After the game is over, everyone heads home to get changed for the main event: the family photo. Making 100 people line up and pose for a photo is an ORDEAL. We take the full family photo, the grandkids photo, the aunts and uncles photo, and individual family photos. Anyone who comes as a guest or who is not married into the family has to take all of the pictures and juggle a million cameras/phones. After about an hour of photos, we set up all the tables and start eating.

Every adult person in the family is assigned something to bring. One year I was assigned mashed potatoes for 25 people. That was A LOT of mashing. This year my parents are doing a 20-pound turkey and a gallon of gravy. I got two pumpkin pies, which seems easier than mashing a million potatoes. After we eat, everyone disperses to head to their next Thanksgiving commitment and my family goes home and watches movies.
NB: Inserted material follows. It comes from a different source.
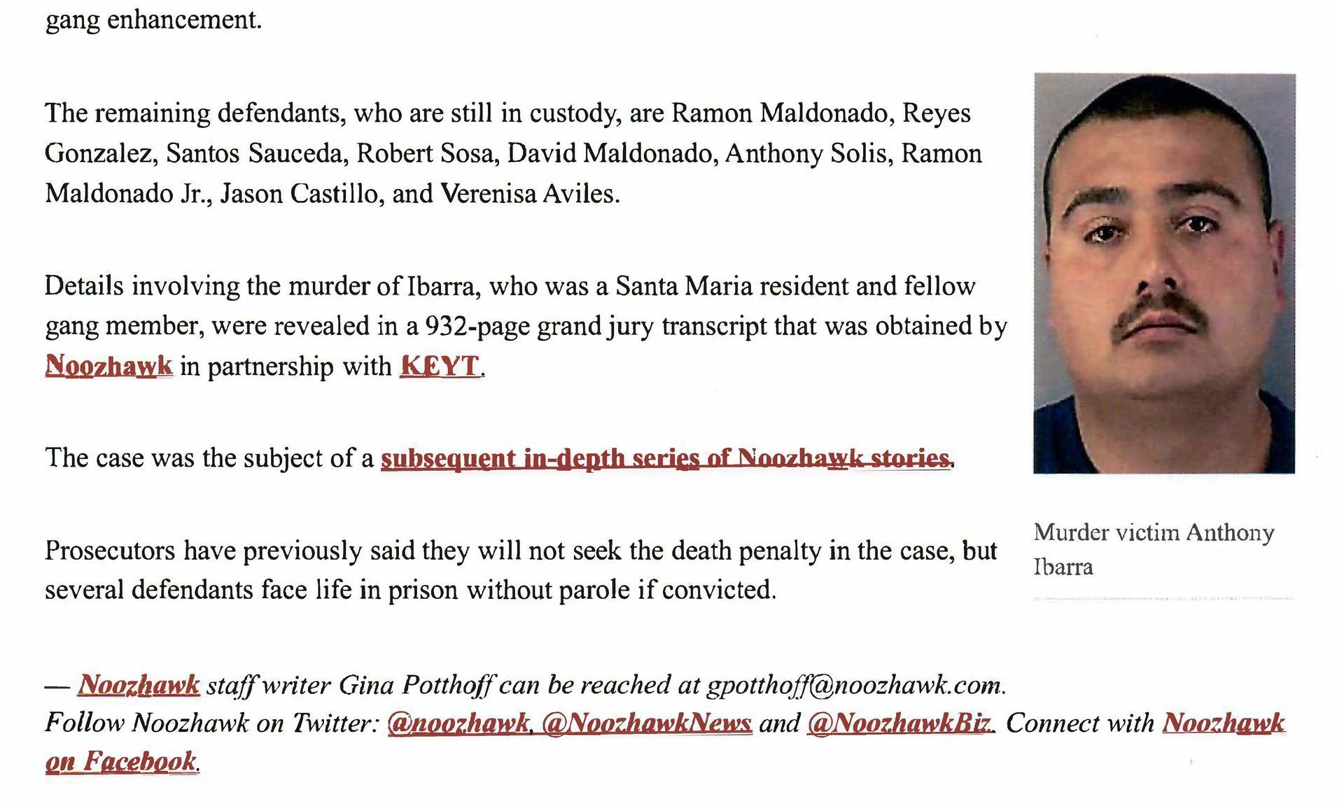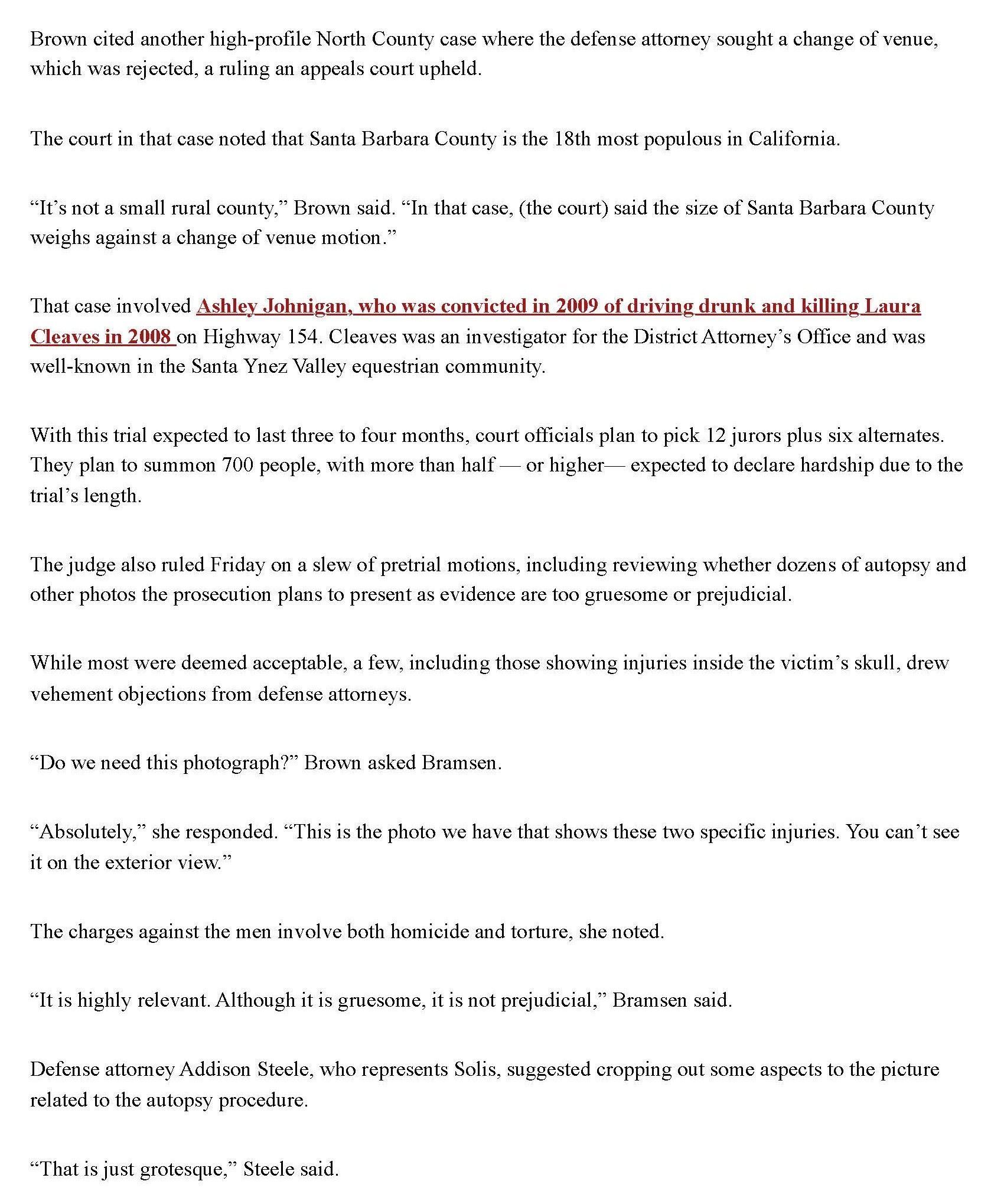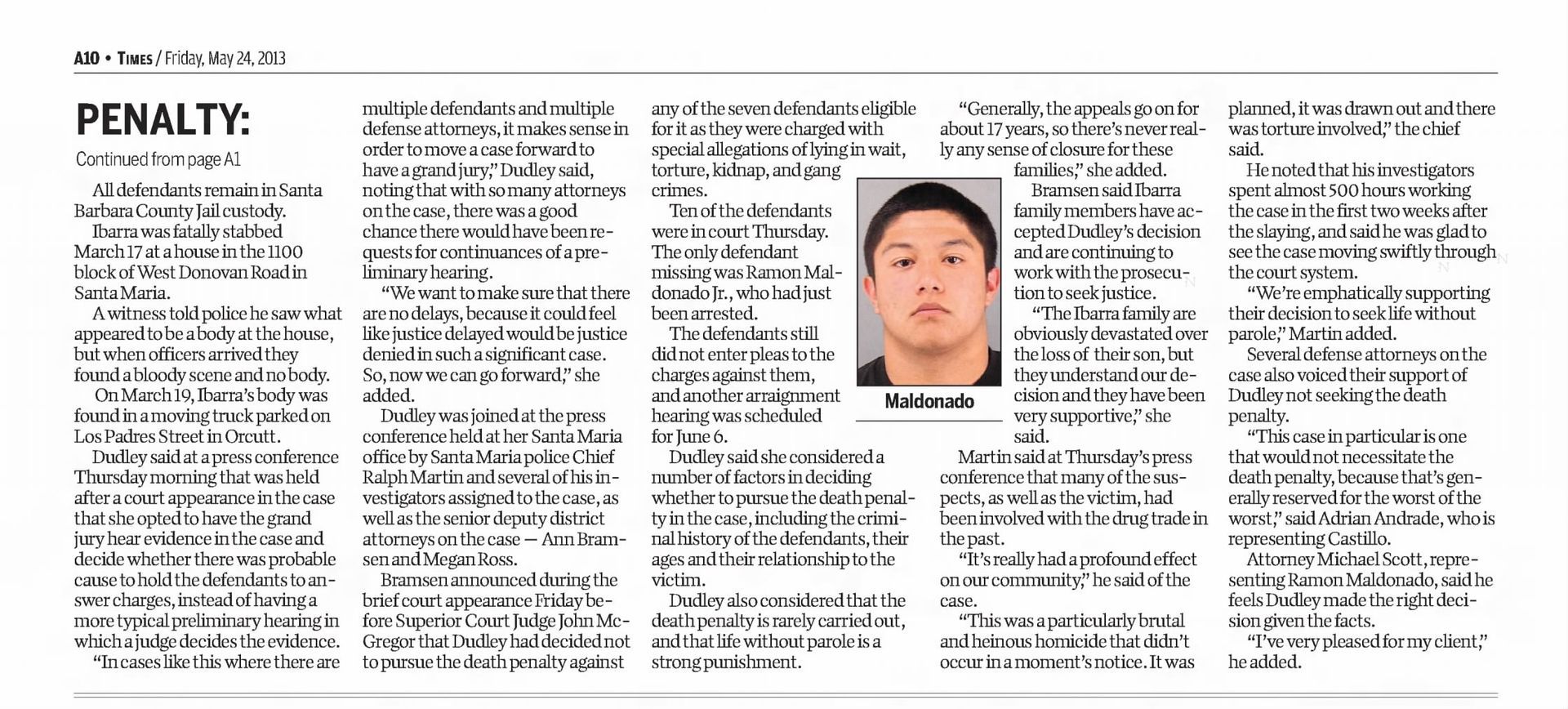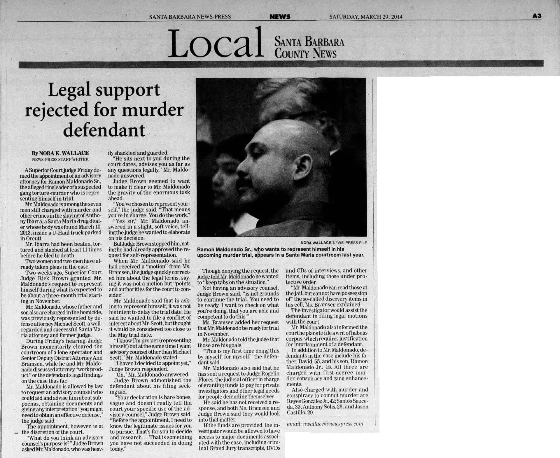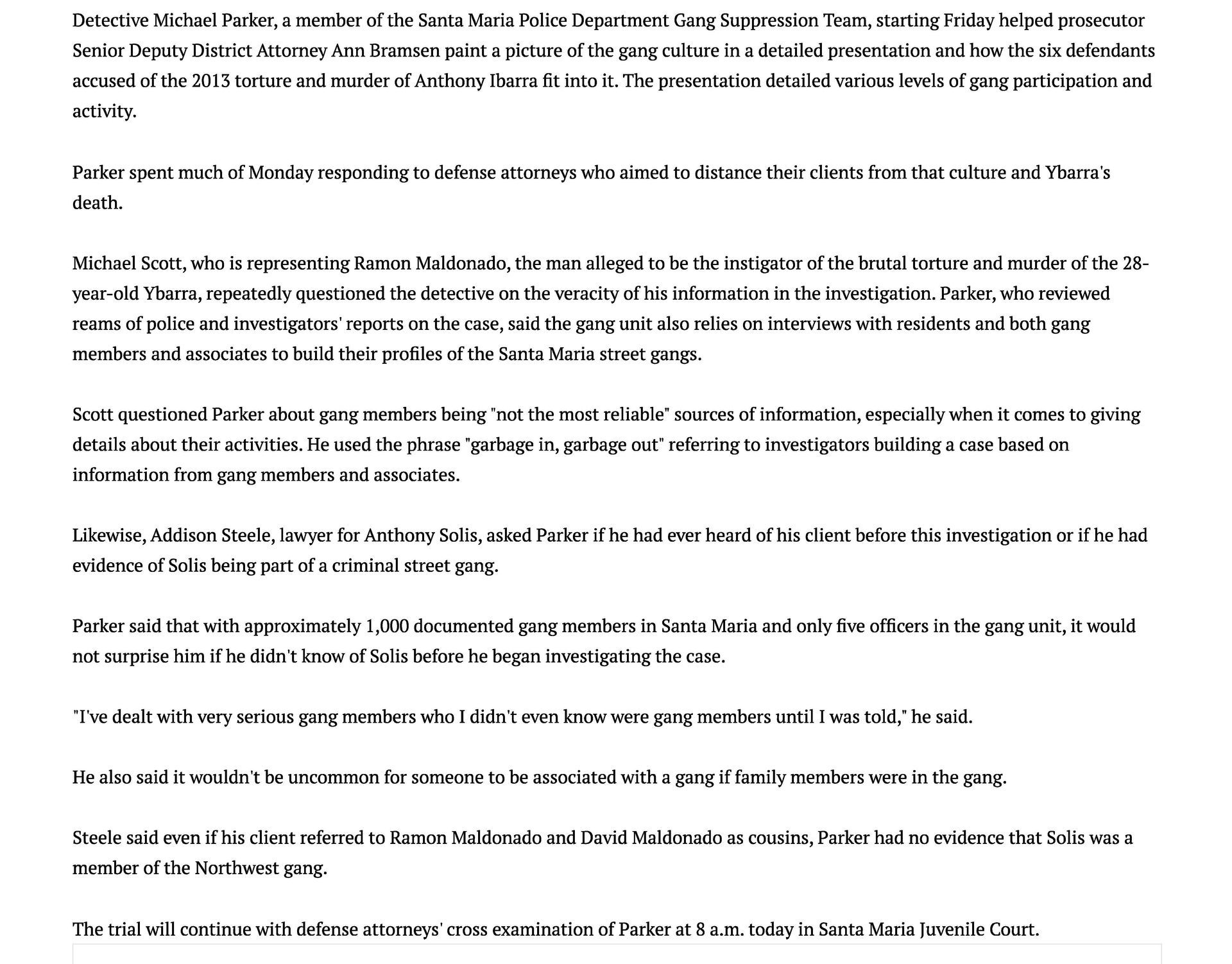 This was a particularly long and grueling murder trial. The press dubbed the case "The U-Haul Murder Trial" because the decedent's body was discovered in an abandoned U-Haul truck with his blood dripping out of the back of the truck. There were originally 13 co-defendants, not all of which were charged with murder. The plea negotiations parred it down to six co-defendants, all charged with murder, all with special circumstances that included torture and gang murder. All six defendants were facing LWOPP sentences. It was largest number of co-defendants in a murder trial ever in Santa Barbara County, and probably the state. There wasn't a courtroom in the county large enough for the trial. The largest courtroom in the county is at the Juvenile Court in Santa Maria, however it didn't have a jury box because juveniles do not have a right to a jury trial. The courtroom was modified by having a jury box built in it. However, even that was far too small for jury selection because of the several hundreds of prospective jurors would need to be called.

Thanksgiving has never been my favorite holiday. Mainly because my family doesn’t really do too much. We’re more make-it-easy-and-stress-free kind of people. So naturally, we started the tradition to go bowling during the day to give us all something to do. Everyone always asks “why bowling?” and, pretty simply, it was that or the movies. It’s really one of the only things open that day.

Because it is such a low-key holiday at my parent’s house, and because I live across the country, I haven’t been back for their Thanksgiving in a few years. The past couple of years, however, I’ve started going with my boyfriend Tai to his family’s celebration in St. Louis. Theirs is a much larger affair with all of the cousins and aunts and uncles. Plus, it is pretty miraculous to watch the one weekday Tai lets himself have a beer at noon. He literally waits all year for it.

And since we’re flying-distance away from family, surviving holiday travel for Thanksgiving and Christmas has become my new personal tradition.

Patent-pending holiday travel techniques for the anti-socialite:

  1. Put your headphones in immediately upon airport arrival. This is Tai’s #1 rule and for him, it doesn’t even matter if they are plugged into your phone (usually he forgets, and they aren’t). It still gives the illusion you’re very busy and cannot be bothered by things like terrible weather delaying your flight.
  2. Carry one of our “Plz Don’t Talk to Me” pouches so people immediately know where you’re coming from. You’re not on this plane to make friends.
  3. When/if traveling with pets and someone comes up to ask to pet him, always say they are mean. This will get you out of any awkward airport conversations you don’t want to be having anyway.
  4. Hoard your airline drink coupons all year specifically for these flights. The holiday travel is ROUGH and you’re going to need that second glass of free wine to get through.

So, what are your Thanksgiving family traditions? Anyone else trying to survive the crazy travel conditions? Or are you laying low at home this Thursday?